Antihydrogen Atoms Created And Captured

... at CERN, of course, in Switzerland. Yes, American scientists (from Lawrence Berkeley National Laboratory and UC Berkeley) were involved. No, we don't have the equipment to do it here. Thank you, Ronald Reagan and two Bushes, for murdering the funding of basic research in the United States.

A hydrogen atom comprises one proton and one electron. An antihydrogen atom comprises one antiproton and one antielectron, more typically called a positron. It's sort of a hydrogen atom with the charges reversed (and possibly other differences). When an atom meets its antiatom, both annihilate, releasing a lot of energy. I've also read that an atom of antihydrogen looks mathematically just like an atom of hydrogen moving backward in time.

But the universe contains almost entirely hydrogen atoms, not antihydrogen atoms: antimatter of any sort is exceedingly rare. Why? What's the difference that leads to the drastic imbalance? How did the imbalance come about? What are the particulars of the difference in the physics of hydrogen and antihydrogen? Those are the questions to be answered, and the accomplishment of being able to create and capture antihydrogen is an important first step.
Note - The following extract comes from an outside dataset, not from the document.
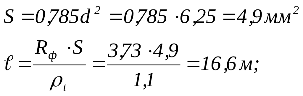 8. Зная Rф, ρt=1,1 мм2/м и S нагревателя, находим длину
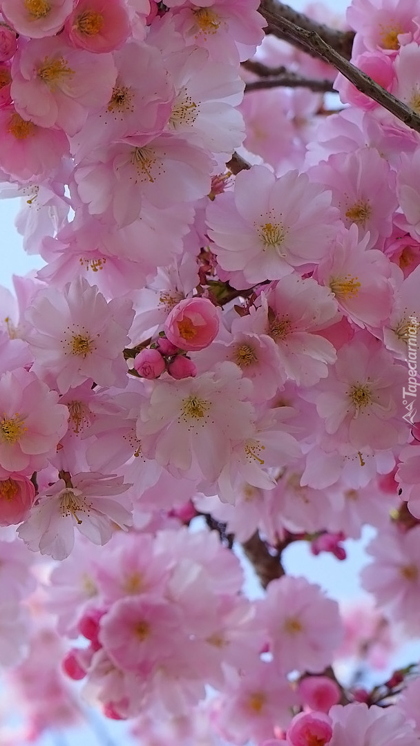 Edytor tapety: Gałązka kwitnącej wiśni japońskiej

Why do all this? Hey, if you want to power the Starship Enterprise someday...

No, seriously: practically all the technology available to us today, for good and ill, is based on principles found in basic research in only the past 100 or so years. Basic research, fundamental science not aimed at known practical applications, is essential to the support of a civilized society. (Good judgment is also essential, and may be even scarcer in the United States than basic research.) Approximately the past five U.S. presidential administrations and 30 years of Congress have starved basic research. Applications of such research lag the research itself by anywhere between a couple of years and a goodly part of a century, so we are really depriving our grandchildren of those applications... and all because of our recent "give it to me now; forget basic research; give me what you can do without spending any money on basic research" attitude. Well and good... except that it means that the future belongs to other nations, not America.

(H/T Mark Esposito on Jonathan Turley's blog, whose remark at the beginning of a largely unrelated post led me to explore this topic. Political commentary above is entirely my own.)